B. Sundstrom and colleagues looked at: "DIETARY PATTERNS, MACRONUTRIENTS AND ALCOHOL AS RISK FACTORS FOR RHEUMATOID ARTHRITIS". "The study included 386 individuals (271 women, 115 men) who previously had stated their dietary habits as part VIP (Vasterbotten Intervention Program= before the onset of symptoms of RA." Conclusions: "There were no significant associations of the dietary patterns studied on the risk for development of RA in this cohort. Neither were there any associations to the risk for RA with alcohol consumption and on diet examined as macronutrients." That's sobering!

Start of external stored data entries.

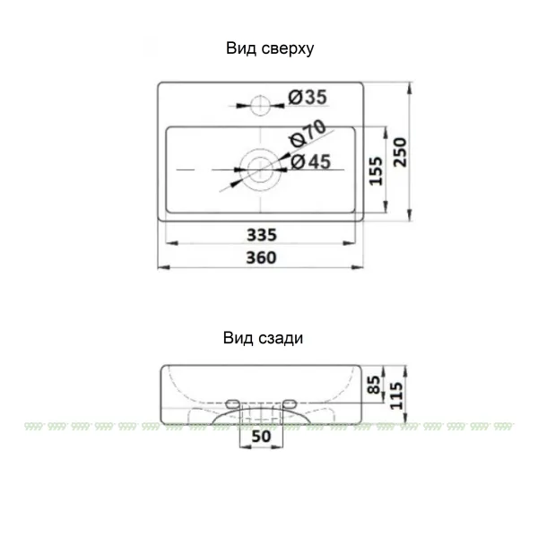 Характеристики умывальника: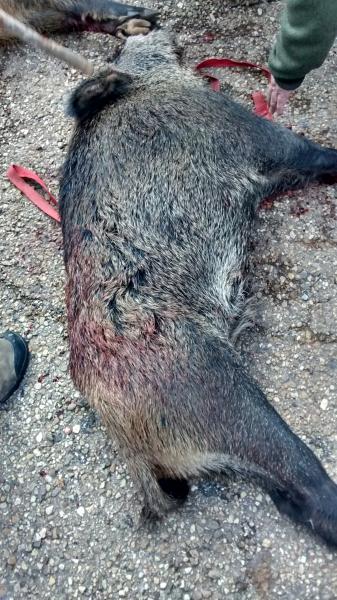 Yo me estreno con calibre , rifle y recarga después de mucho jaleo de tiros y carreras de puestos contiguos me entraron dos jabalíes con intención de saltar a unas tierras pero al verme se volvieron, pudiendo tirar a la primera un tiro solamente quedando este algo trasero pero mortal, pues no andaria mas de 25 metros.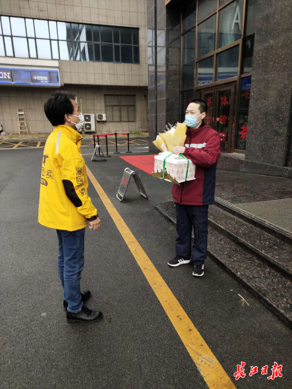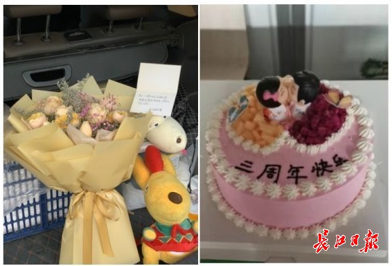 长江日报-长江网2月14日讯(记者章胜)2月14日上午,武汉某酒店,正在休息的四川广元市援鄂医疗队队员李澍森,收到了一份特殊的外卖——远在广元的妻子杨敏珥,在武汉给他订了一束鲜花和一个蛋糕,并附赠一张卡片,上面写道:“老公,三周年纪念日快乐呀!希望疫情快快结束,你可以平安归来。爱你的老婆。”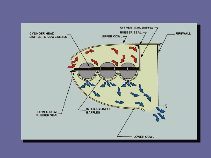 Engine Lubrication And Cooling • Cowling and baffles • Designed to force air over the cylinder cooling fins. • Direct the air close around the cylinders and prevent it from forming hot pools. • Blast tubes direct jets of cooling air onto the bottom spark plug elbows.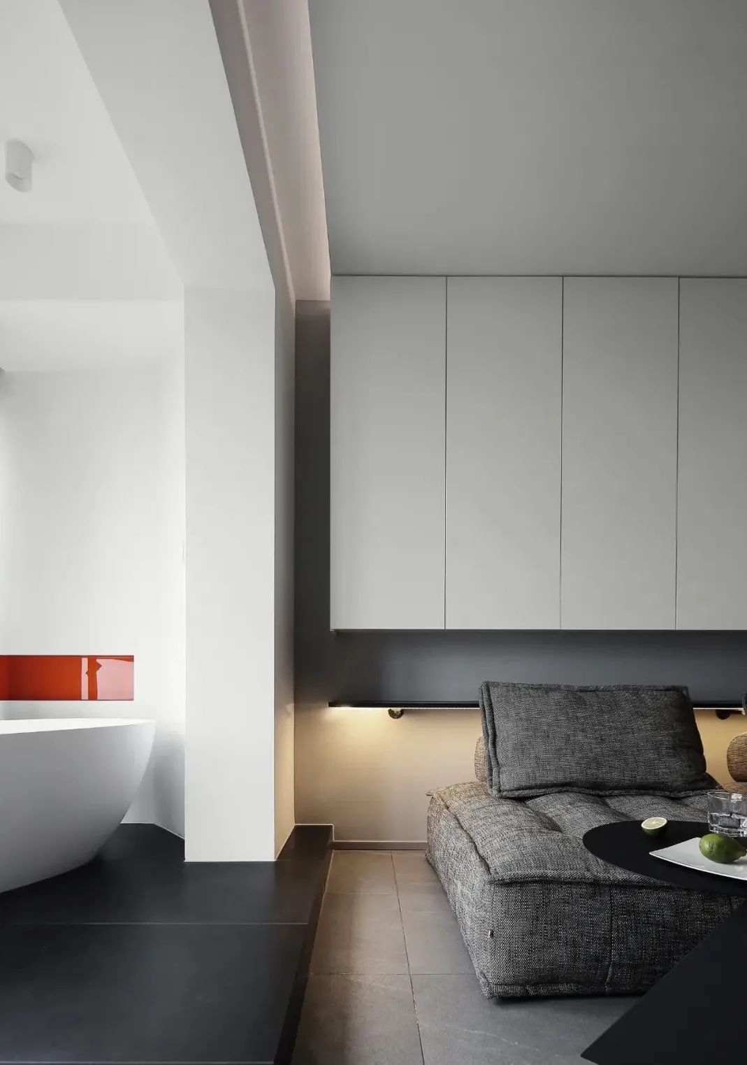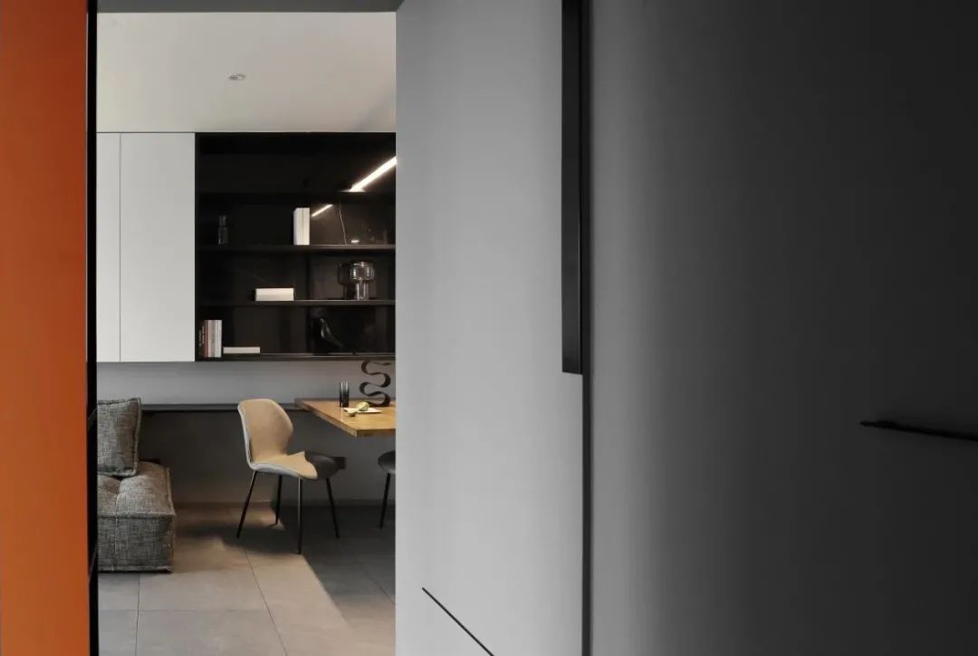 主臥,以大面積的灰色塊為基調(diào),搭配黑色家具,增加空間的厚重感,窗簾局部加入橘色點綴,打破黑白灰的清冷。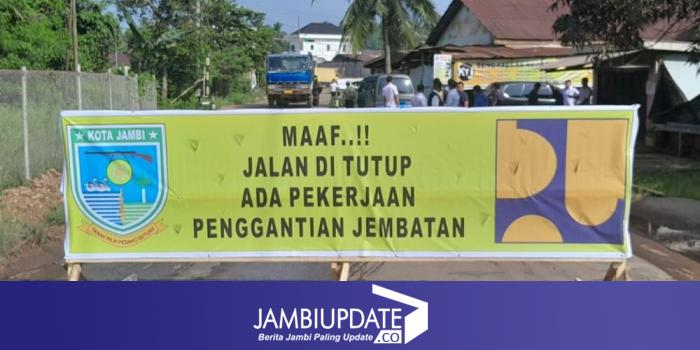 Penutupan jalan ini lantaran, Dinas PUPR Kota Jambi tengah melakukan perbaikan dan pembuatan jembatan baru di kawasan itu.

S. Meyfroidt and colleagues presented this meta-study: "NUTRITIONAL INTERVENTIONS IN THE MANAGEMENT OF RHEUMATOID ARTHRITIS: A REVIEW OF THE LITERATURE". "Our search strategy yielded 19 randomized, placebo-controlled clinical
trials including 3 crossover trials." There were ony two trials on diet therapies. "Evidence was found for a reduction in inflammatory activity by adjusting to a Mediterranean or a calorie restriction diet. However, these diets were difficult to comply with and maintain in the long-term." Conclusions: "Supplementation of n-3 fatty acids, a low n-6 fatty acids intake and some diet therapies appeared to have a positive effect in patients with RA. However, most nutritional interventions cannot be effectively and safely recommended for the management of RA due to the limited number of trials, the inconsistencies between trials and the limits of applicability in patients daily life. The current evidence suggests that some supplements and suitable diet therapies may warrant further investigation."

I think the last study is also the most interesting. Patients ask what they can do in form of dietary changes, but we still lack studies.
I'll advise to stop smoking, lower intake of omega-6 fatty acids, increase omega-3 fatty acids, use olive oil, supplement viatmin D3, lower sodium intake. Advice, which isn't based on the above studies might include reducing meat, increasing fruits and veggies, reducing purines.